I have been reading a historic amount (for me) of fiction of late, and have quickly realised how difficult it is to write fiction, having read great examples of it.
One element I admire is how expertly authors are seemingly able to zoom in and out of scenes. When I come to write a scene, I feel biased towards describing every single little thing, in chronological order no less. If I jump to a character’s memory, or some other scene, it feels wrong, like I am disrupting the flow of the reader. At the very least, I am disrupting the flow of my writing. Perhaps this is a symptom of the fact I don’t know what the hell I am writing about, or what I intend with a piece. Most of the short-form fiction I have written are mostly self-contained, mostly in the form of a response to a writing prompt. Naturally, this is not necessarily something I would have thought on in advanced. The quick answer is that time will help to resolve this issue, but at the stage I was at writing, I found it more than extremely difficult.

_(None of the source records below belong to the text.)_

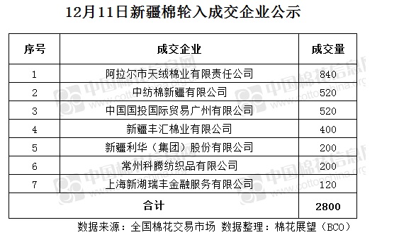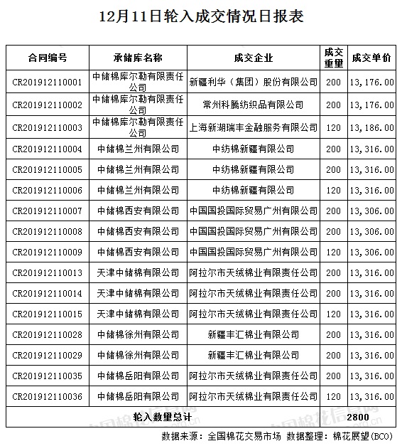 12月11日,中國(guó)儲(chǔ)備棉管理有限公司計(jì)劃采購新疆棉7000噸,實(shí)際成交2800噸,成交率40%,成交均價(jià)13289元/噸,較10日跌2元/噸,成交最高價(jià)13316元/噸,較10日持平,成交最低價(jià)13176元/噸,較10日漲10元/噸。其中新疆庫成交520噸,內(nèi)地庫成交2280噸。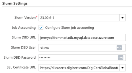- Slurm DBD Password = SLURM accounting DB password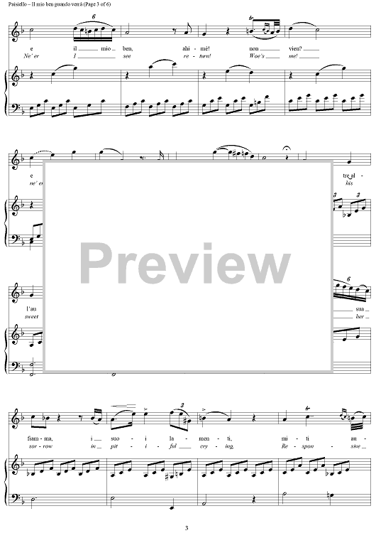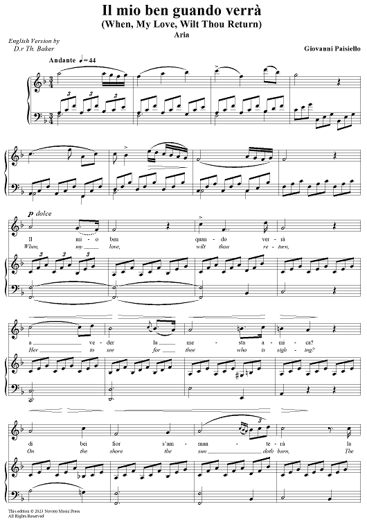 "Il mio ben quando verrà" Sheet Music by Giovanni Paisiello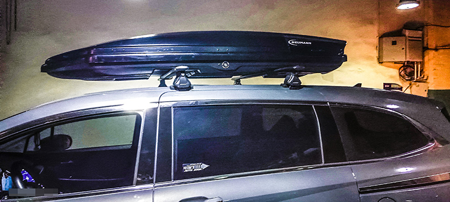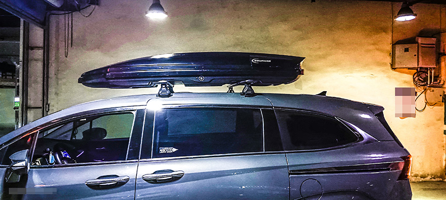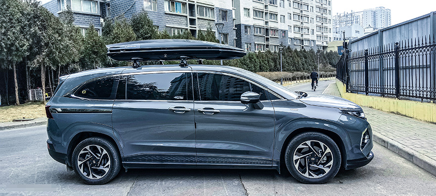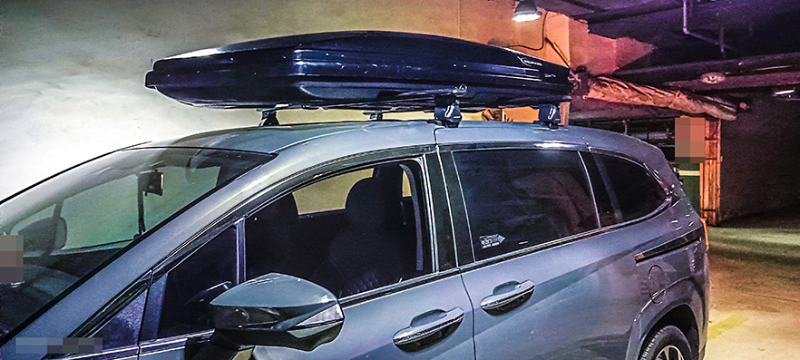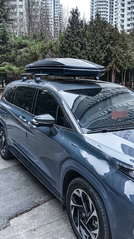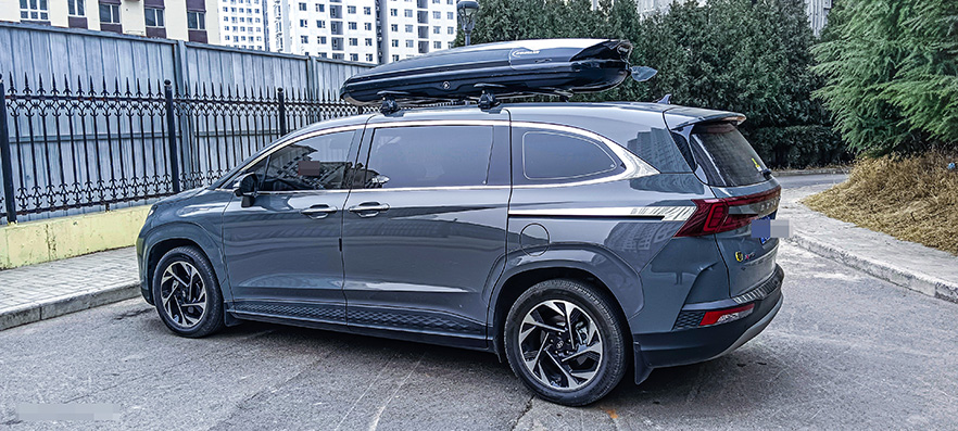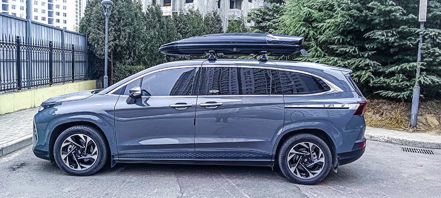 现代库斯图搭载纽曼305s车顶架+K6车顶箱黑色,横杆贴合度很好,非常稳合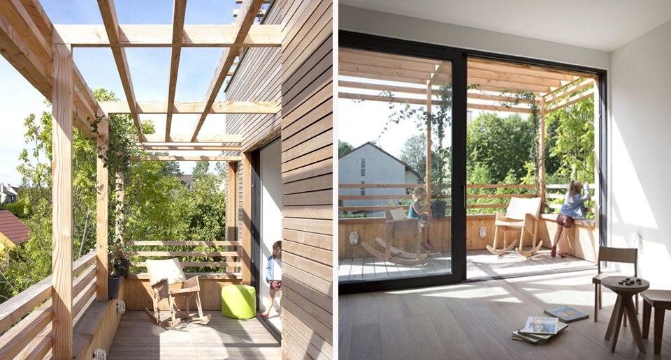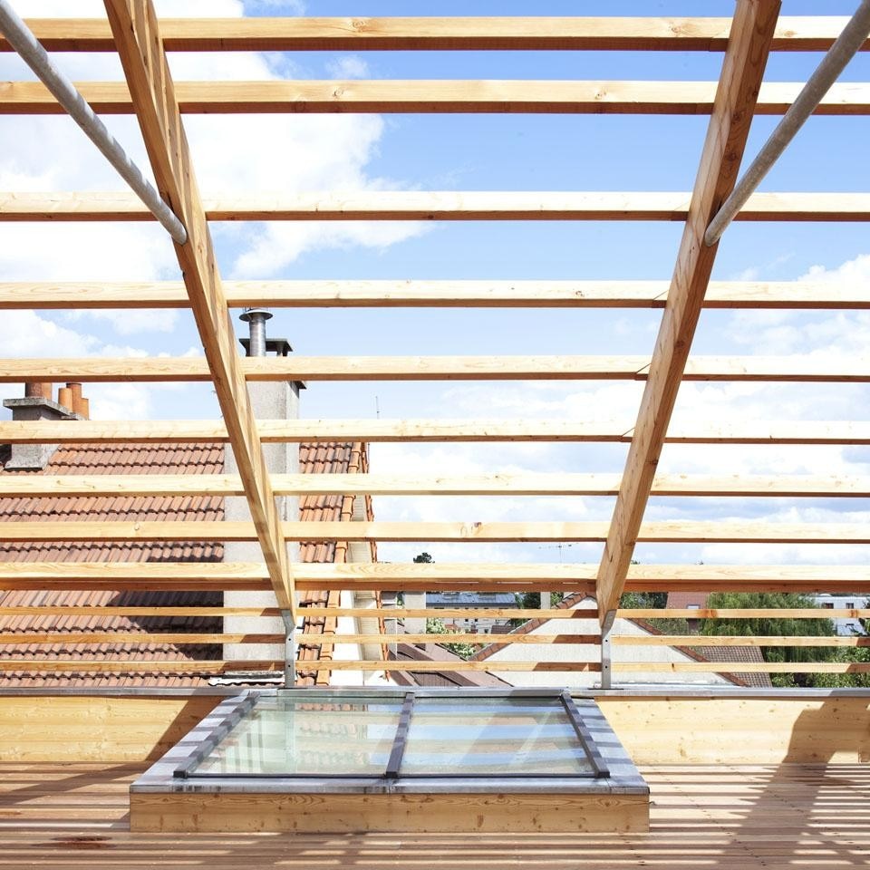 In alto, la forma del tetto/pergola, che ha l'aria incompiuta, ha una funzione ben precisa. Da una parte riprende l'archetipo del contesto e si inserisce in esso senza interromperne il ritmo urbano, d'altra parte, è una soluzione alternativa al tetto tradizionale che sarebbe diventato uno spazio inutilizzato.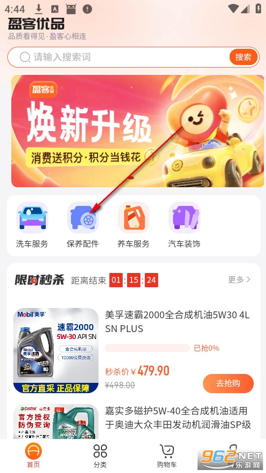 盈客优品app最新版是一款专注于各种汽车配件、用品的购物软件,软件中将各类商品详细分类,以便用户精准的查找自己需要的商品购买,还推出了限时秒杀优惠活动,让用户可以享受到活动优惠价,省钱抢购各种好物商品,其中的商品分别有家居百货、食品生鲜、养生保健、美容养护、保养配件、养车服务、汽车装饰等多样化的商品资源,超多的品质好货可以随时购买,明码标价的商品价格,拒绝隐形消费,在这里下单各种养车服务更加的实惠划算,为用户带来更加实惠的养车体验。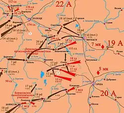 - Die im deutschen Hauptangriffsfeld liegende 20. Armee unter Generalleutnant P. A. Kurotschkin versuchte die Angriffe zwischen Witebsk und Orscha zu stoppen. Südlich davon – noch am linken Ufer des Dnjepr bis Rogatschew operierte die 13. Armee unter Generalleutnant Remesow.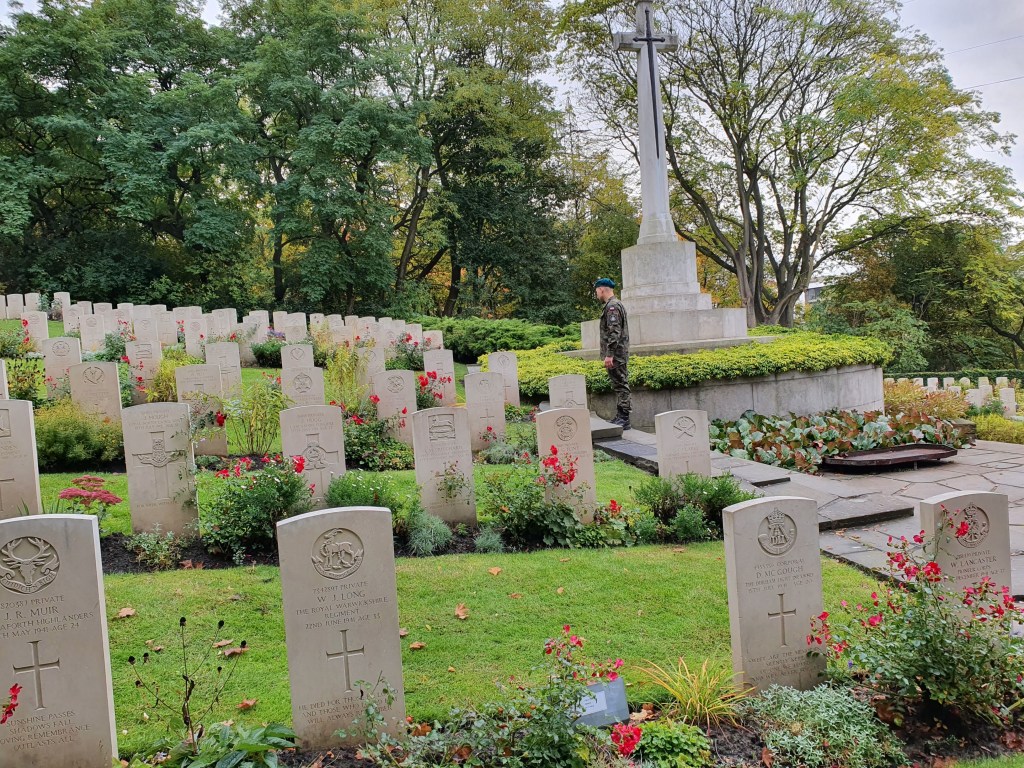 After breakfast we set off to walk to the Citadel Park to the north of the city. This contains a number of cemeteries. The Soviet War Cemetery has a massive monument, which has been adorned with graffiti. There is a separate plot for the victims of the 1956 Poznań Uprising, some of whom were only children. The final cemetery we went to was the Commonwealth War Cemetery, where we were joined by some Polish troops paying their respects. This cemetery contains the remains of many of the escapees from Stalag Luft III, whose exploits were dramatised in the film The Great Escape.

I have listened to enough podcasts from writers to glimpse into how much thinking goes into characters. For A Little Life, Hanya Yanigihara spent years imagining the character of Jude before coming to actually write it. In comparison, the characters I write of are nothing more than scraps I claw at in the process of writing my short-form fiction. The disparity, from my perspective, seems insurmountable. I feel similarly with the character of Elio from André Aciman’s Call Me By Your Name. Both Jude and Elio are woven so intricately that I would not even know where to begin if I were tasked to develop a character of similar complexity. That does not yet include their connectivity with the rest of the cast of characters either nor how the story will play it.
Writing fiction is the ultimate juggling act. It is an art that I took for granted until I tried it myself.